Rechtspraak
Super de Boer/werknemer
Werknemer is in 2008 in dienst getreden van Super de Boer. Op 2 december 2008 heeft hij – nadat hij op heterdaad werd betrapt tijdens het wegnemen van € 700 – twee verklaringen en een schuldbekentenis voorzien van een handgeschreven goedschrift ondertekend over door hem als kassa-medewerker gepleegde onregelmatigheden. Het totaal door hem weggenomen bedrag wordt door werknemer in deze verklaring op € 12.000 gesteld. Thans vordert Super de Boer veroordeling tot betaling van het genoemde bedrag wegens verduistering in dienstverband. In reconventie vordert werknemer een verklaring voor recht dat de bekentenissen buitengerechtelijk zijn vernietigd.

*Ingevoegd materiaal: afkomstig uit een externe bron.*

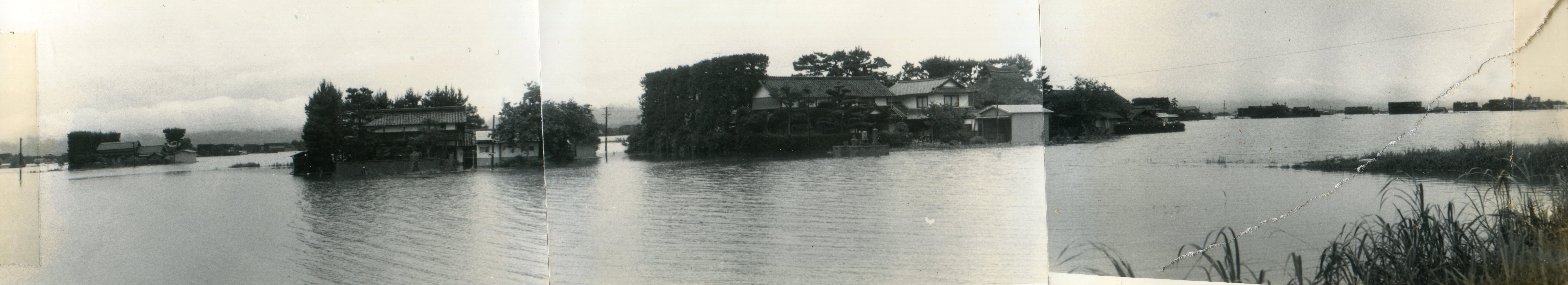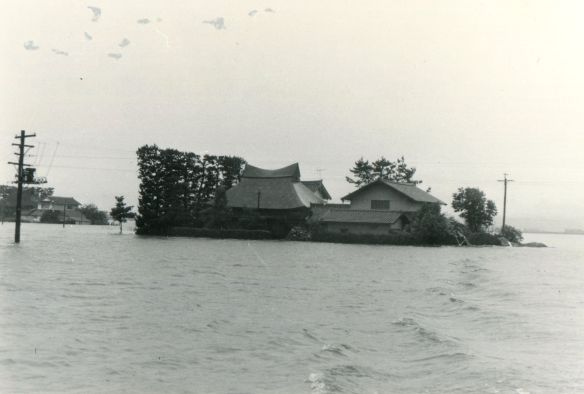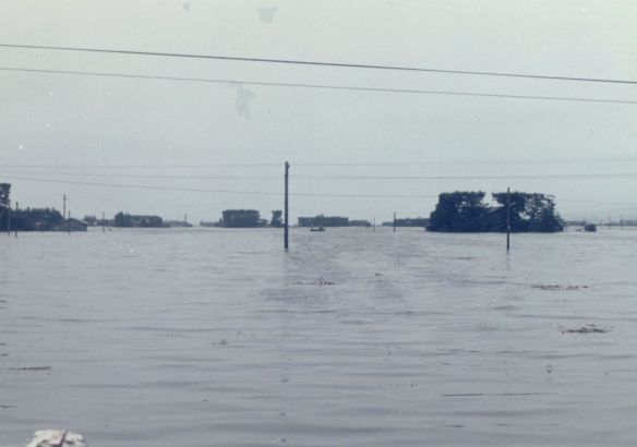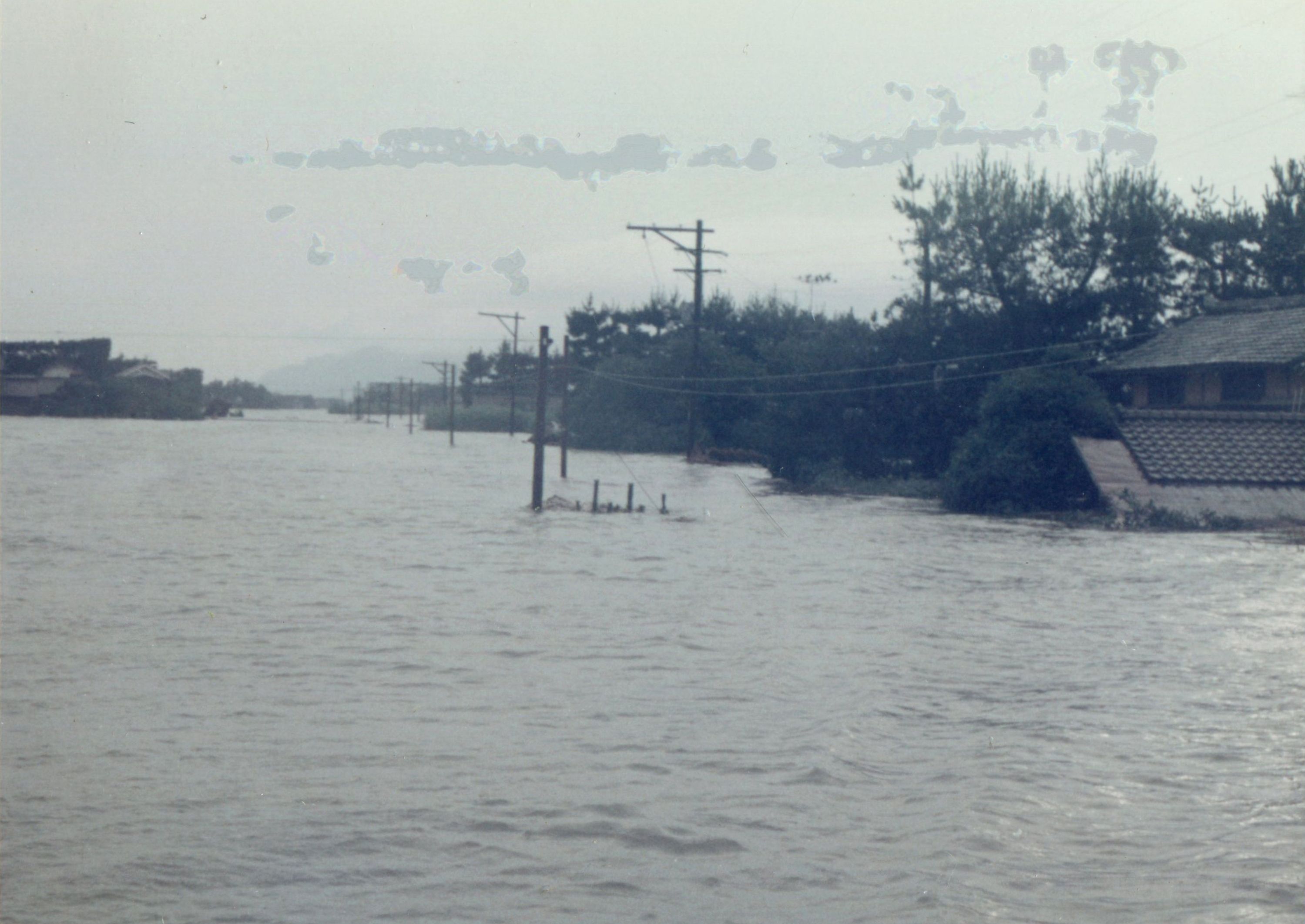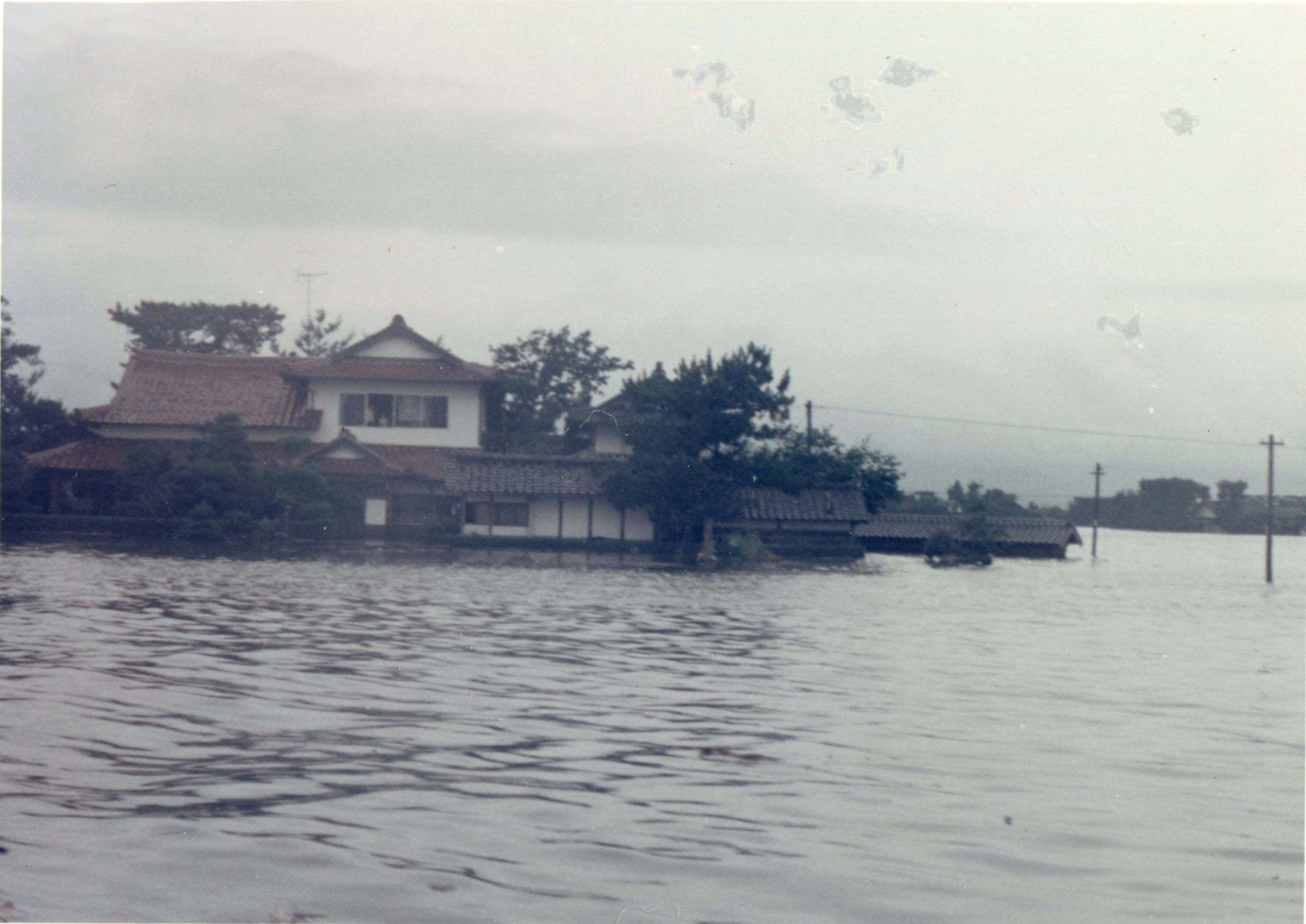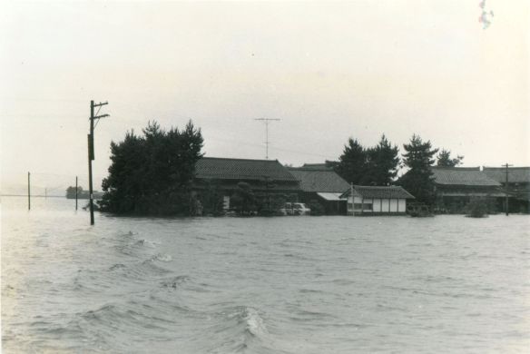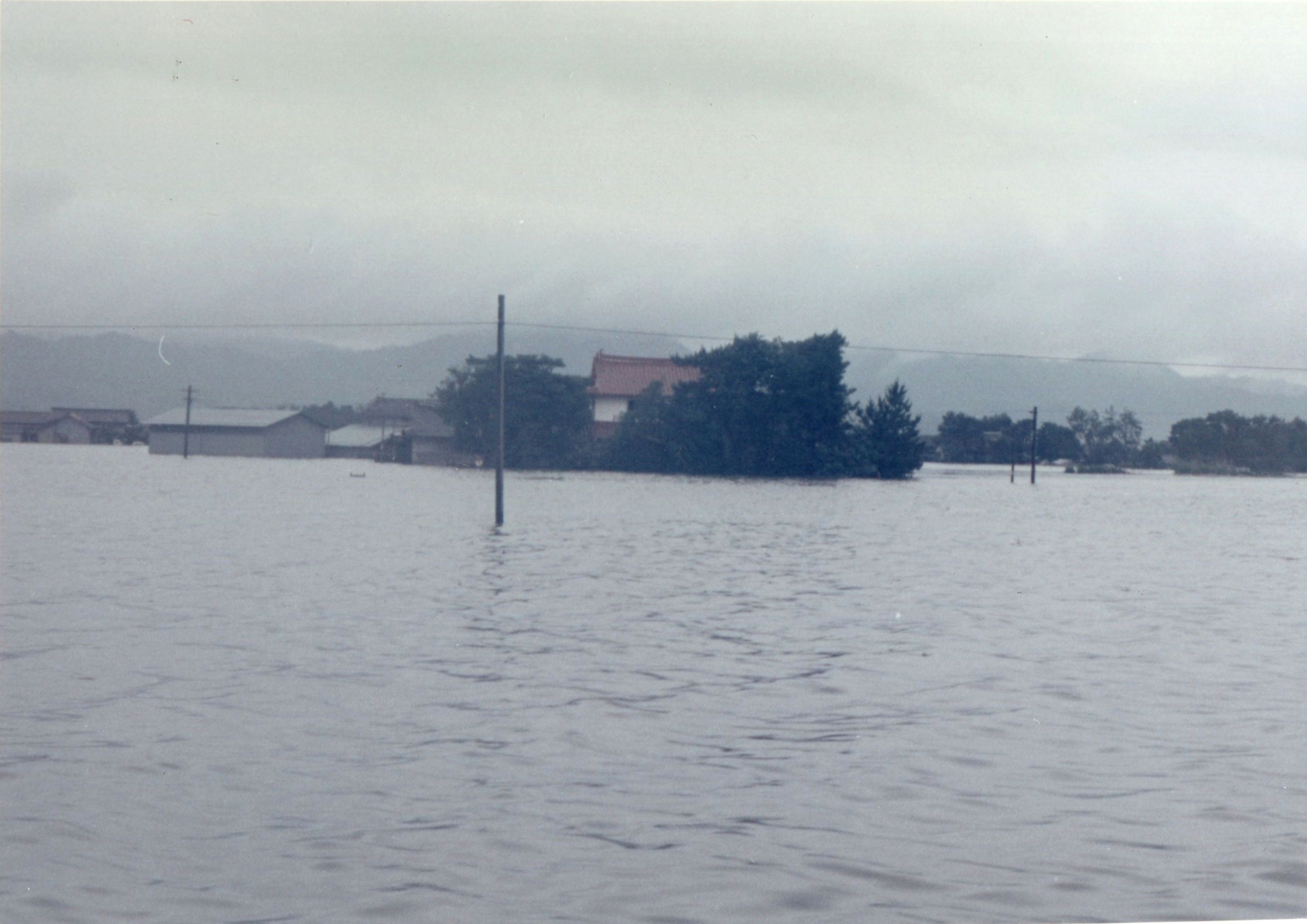 斐川町の47水害の記録(元斐川町職員錦織勉氏撮影) ここに掲載した写真は、旧斐川町役場に勤務されていた錦織勉氏が撮影され、アルバムに整理して保存されていたものです。同氏の承諾を得て、公開させていただくものです。 昭和47年に現像、焼き付けされ、アルバムに貼られていたものをスキャナを用いて取り込んでいます。したがって、画像の劣化があり不鮮明となっておりますことをご了承ください。 写真の下に付した説明は、錦織氏がアルバムに記載されていたものに多少の補足を加えたものです。また、錦織氏によるメモのない写真についても、場所等が特定できるものについては、適宜こちらで説明を付させていただいております。 7/12 午後2時 大字沖洲昭和地内 7/12 午後2時 大字荘原町島灘地内 沖洲天満宮参道から天満宮を望む(大字沖洲) 十四間川決壊箇所(大字黒目松江分地内) 7/13 午後2時 大字沖洲瑞穂地内 7/13 午後3時 大字三分市川東上組地内 7/13 午後4時 大字黒目松江分地内 7/13 午後4時 大字三分市六丁場周辺 7/13 午前10時 大字三分市川東上組地内 7/13 午前10時 葉煙草水田冠水 7/14 午後1時 大字坂田碇地内 大字黒目松江分地内(道路上) 大字三分市東部の住宅 大字三分市六丁場地内 大字三分市六丁場から三分市東部を撮影 大字三分市六丁場湖岸部(水深2.5m) 豚の救出作業(7/13大字三分市地内) 牛の救出作業 チューリップ球根搬出作業(7/13大字三分市) 伊達県知事視察 空港道路にて(大字沖洲瑞穂地内) 7/14 正午 県知事被災地視察 共有: X で共有 (新しいウィンドウで開きます) X Facebook で共有 (新しいウィンドウで開きます) Facebook その他 印刷 (新しいウィンドウで開きます) 印刷 いいね 読み込み中…
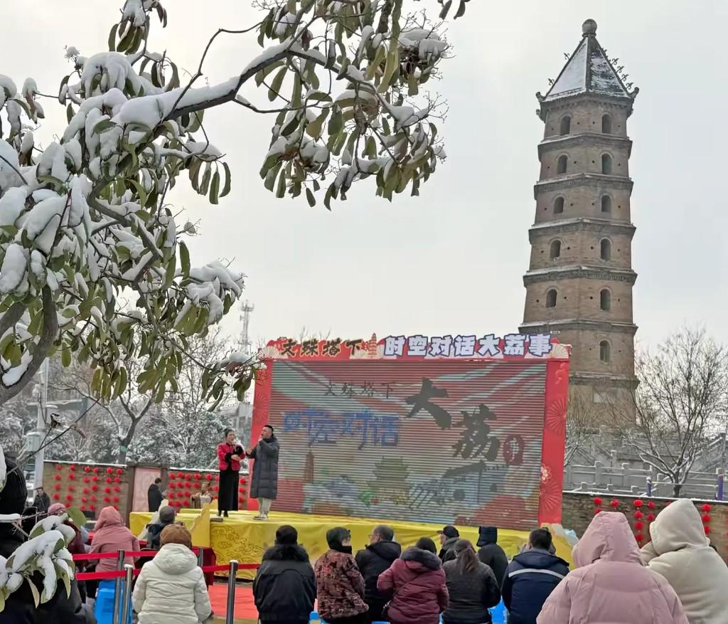 1月1日,在大荔县城文化地标文殊广场的青砖地上,群众冒着风雪严寒看大戏的场景成了一道风景线。沉浸式演艺“文殊塔下·时空对话大荔事”活动开演,同州梆子的唱腔穿透寒风,舞台上“历史人物”穿越时空,与观众共话大荔往事。同日开锣的“名角上线·好戏开锣”直播嘉年华,更是让戏迷过足了瘾——直播间里点赞刷屏,戏台前观众连连叫好,线上线下的掌声,汇成了非遗传承的新乐章。
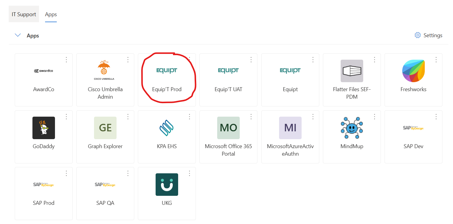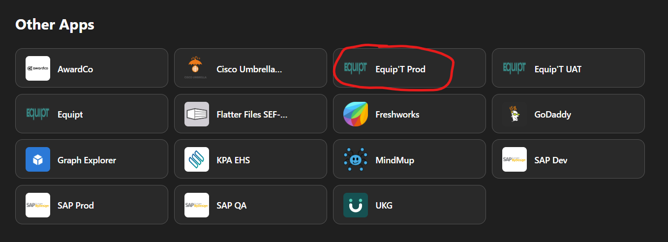 Under Other Apps, you will click Equipt Prod and it will take you to the homepage - Equipt will most likely email you a verification code to enter
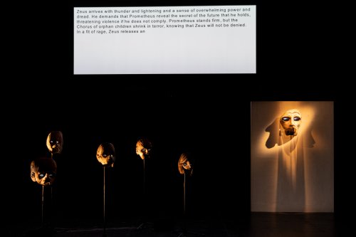 Prometheus Firebringer is an example of what Dorsen refers to as “algorithmic theater” where she asks an audience to focus on language and what power we hand over to Artificial Intelligence when we, the humans, don’t do the work ourselves. Between segments of reading the “play,” actually referred to by Theatre for a New Audience as an “Event: Hybrid Performance/Lecture,” Dorsen turns the duties over to the AI behind the hollowed-out eyes we see onstage in the form of a precursor to ChatGPT, GPT-3, to generate/perform what Aeschylus may or may not have written 2,500 years ago. The kicker here is that AI isn’t accountable to any director or stage manager, or playwright for that matter – you get different text at every performance, and all in a mere 45 minutes! We should have surmised as much from the pre-show. There is a screen hanging above the five orphan masks that displays a continuous typing and wiping itself out of a selection of AI-proposed synopses of the play that all start “The play begins with…”
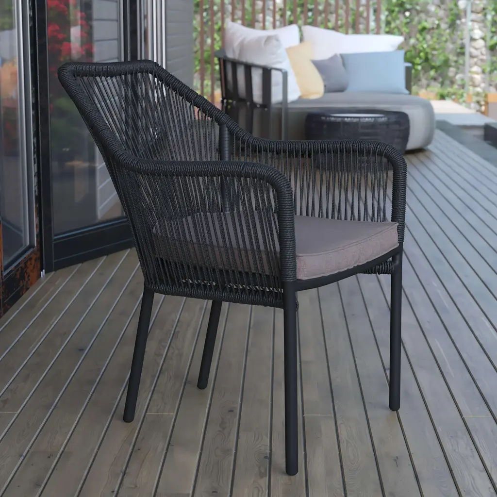 Update the look of your current outdoor space or fill that empty sunroom with this club chair. The modern, versatile look of this indoor/outdoor seating will look great on the deck, patio, or in the backyard. Long-lasting materials give this all-weather chair an upmarket vibe without the high maintenance. Have you moved into a new home and need ideas for your outdoor space? UV resistant and ultra-strong, the woven polyethylene fibers give the look of wicker that perfectly complements the aluminum frame. This chair holds up to 300 Lbs. static weight capacity and boast generously padded polyester seat cushions and integrated arms rounding out the on-trend aesthetic. No assembly is required for your new chair so you get instant enjoyment. Spot clean spills or dust with water and a neutral detergent or for a more thorough cleaning, remove the zippered covers and machine wash in cold water then lay flat to dry. Stackable up to 6 high, this chair can be easily stored or transported. Fixed plastic floor glides prevent damage to hard flooring surfaces when used indoors.
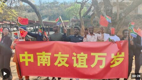 央视新闻客户端当地时间8月22日上午,习近平主席将在南非总统府出席拉马福萨总统举行的欢迎仪式。当地民众和华人华侨在沿途挥舞中南两国国旗,高举“热烈欢迎习近平主席”、“中南友谊万岁”等横幅,热烈欢迎习近平主席到访。
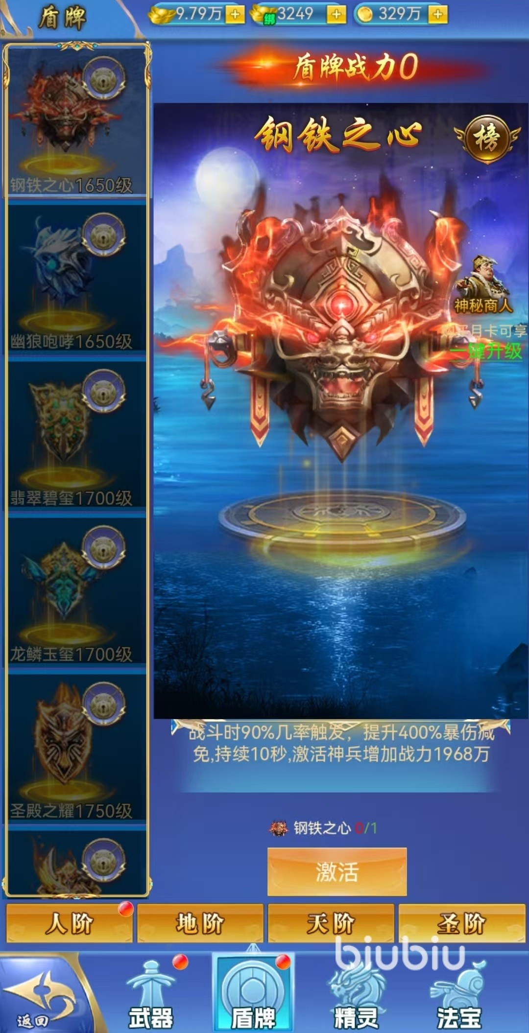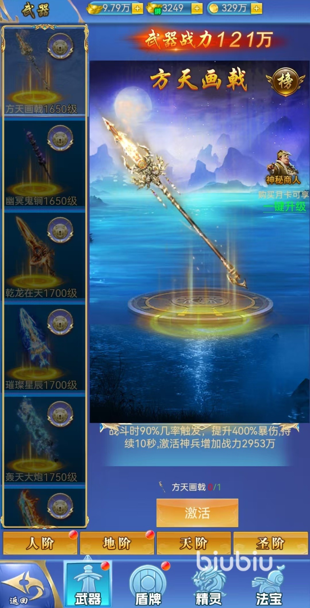 游戏中共设有四大类神器:武器、盾牌、精灵与法宝。每种神器均划分为四个等级,由低至高依次为人阶、地阶、天阶和圣阶。不同品阶的神器在属性加成与技能强度上存在显著差异。已激活的神器不仅提供基础属性增益,其专属技能也会实时生效,叠加使用时可形成强力的战斗辅助效果。尤其在挑战高难度副本或PVP对抗中,神器技能往往能成为扭转战局的关键因素。

De rechtbank oordeelt als volgt. Het beroep van werknemer op misbruik van recht dan wel bedreiging faalt. Nadat werknemer op heterdaad is betrapt is met hem gesproken. De dreiging tot het doen van aangifte bij de politie is in de geschetste omstandigheden niet onrechtmatig. Voor een succesvol beroep op misbruik van omstandigheden in de zin van artikel 3:44 lid 4 BW is niet alleen vereist dat moet worden aangenomen dat werknemer onder zodanige druk is gezet door Super de Boer dat hij daardoor bewogen is tot het ondertekenen van de eerste verklaring en het schrijven van de tweede verklaring op 2 december 2008, maar ook dat Super de Boer wist of moest begrijpen dat zij werknemer had dienen te weerhouden van het ondertekenen/schrijven van de verklaringen in plaats van te bevorderen dat hij dit deed. Dat laatste is niet gesteld of anderszins gebleken. Volgt afwijzing vordering werknemer.
De verklaringen van werknemer leveren dwingend bewijs op van de juistheid van de inhoud daarvan op de voet van artikel 157 lid 2 Rv en voor wat betreft de schuldbekentenis geldt dit op de voet van artikel 158 lid 1 Rv nu deze handgeschreven in letters het bedrag van de geldsom bevat. De gevorderde verklaring voor recht dat werknemer gehouden is schade te vergoeden aan Super de Boer wordt verleend.